AW: So there is an accuracy standard?
JSF: It’s a 2 MOA rifle with a broad range of ammunition. However, that’s an overlooked factor right there: Depending on where and how a given lot of .223/5.56 is manufactured, you can introduce an additional 3 MOA of variation, batch-to-batch. The Signature will almost certainly keep running that ammo and produce acceptable hits, while many other rifles will become seriously temperamental. Keep in mind that an actual 2-in. gun in a military/LE auto-loader is relatively new and rare, and 2 “MOA of felon” (or bad guy) ought to be plenty. We had a student put this very well in a class a while back: His thick accent (we were out of the country) didn’t disguise an essential truth, “You Americans make things with tight tolerances because you can, not because it’s necessary.” It’s worth remembering! <<laughing>>
AW: Do you think twist rate is a big deal in the accuracy vs. reliability considerations?

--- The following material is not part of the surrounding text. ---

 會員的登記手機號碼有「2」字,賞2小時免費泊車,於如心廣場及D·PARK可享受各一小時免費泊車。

JSF: Not in and of itself, though naturally a properly cut chamber and ramp are part of the barrel as an assembly, and Keith sees to it that this works with pretty much any 5.56 or .223. Where twist rate comes into play is three-fold. First, will it spin all the bullet weights you’re likely to encounter? The 1-in-8 rate of the Signature barrels handles heavier bullets very well (up to 77 grain at least), yet won’t spin 50s so fast that they literally come apart.
Faster twists can have other problems as well, at least potentially. Bullets that really need the 1-in-7 rate to stabilize generate substantially more friction in the bore: In the short term, it heats up more quickly, even to the point you can’t hold the rifle. In the medium-to-long term, this means they’ll get “shot out” more rapidly, too. The 1-in-8 strikes a good balance. We asked ourselves, ‘What is the rifle really for?’ The answer was: ‘It’s a utility battle rifle, a fighting rifle.’

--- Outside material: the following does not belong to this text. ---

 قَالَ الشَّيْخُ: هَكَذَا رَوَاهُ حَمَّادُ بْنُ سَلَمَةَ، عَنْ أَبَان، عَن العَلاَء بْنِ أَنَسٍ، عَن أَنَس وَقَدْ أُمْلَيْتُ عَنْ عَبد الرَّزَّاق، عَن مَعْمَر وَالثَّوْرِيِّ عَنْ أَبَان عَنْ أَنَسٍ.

AW: How does trigger weight fit in the equation? Obviously, there’s a point at which this has an effect on accuracy, both positive and negative.
JSF: The “stock” trigger is an ALG Defense at 5 to 6 pounds. It is essentially “military spec,” but with no creep or graininess. We’ll also use the Wilson if requested. But—for what are probably obvious reasons—a 2-pound trigger doesn’t belong in a fighting gun like ours. They tend not to be as durable for one thing, and for another you have essentially no tolerance for ADs and NDs—the stakes are always too high. The flip side is that any higher press weight doesn’t add safety, either. The inability to properly control a 5-lb. trigger is a training issue, not a mechanical one. More than anything, we think these triggers are top quality but also good values: If someone wants something else, all they have to do is specify it.
AW: In terms of handguard and barrel termination, it’s Troy Industries and the Smith Enterprises Vortex, correct?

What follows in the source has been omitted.